# MATERIAL PROVIDED
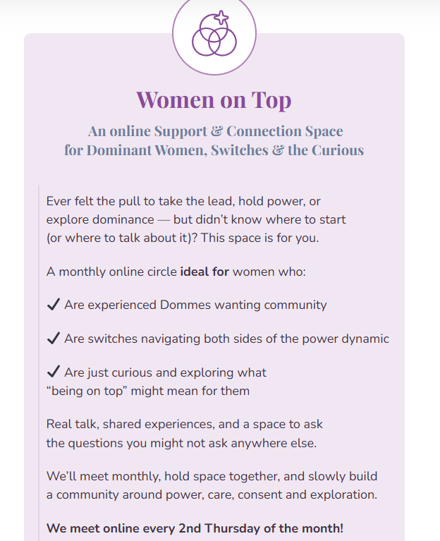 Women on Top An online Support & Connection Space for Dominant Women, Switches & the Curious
...
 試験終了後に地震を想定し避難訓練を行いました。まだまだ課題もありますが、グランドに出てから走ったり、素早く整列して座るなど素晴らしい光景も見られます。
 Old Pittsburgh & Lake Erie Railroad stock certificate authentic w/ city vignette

# WHAT TO PRODUCE
Would you retype the lines above from the one with "試験終了後に地震を想定し避難" down to the one with "Old Pittsburgh &", word for word, both ends included and no other lines?

# TASK ANSWER
 試験終了後に地震を想定し避難訓練を行いました。まだまだ課題もありますが、グランドに出てから走ったり、素早く整列して座るなど素晴らしい光景も見られます。
 Old Pittsburgh & Lake Erie Railroad stock certificate authentic w/ city vignette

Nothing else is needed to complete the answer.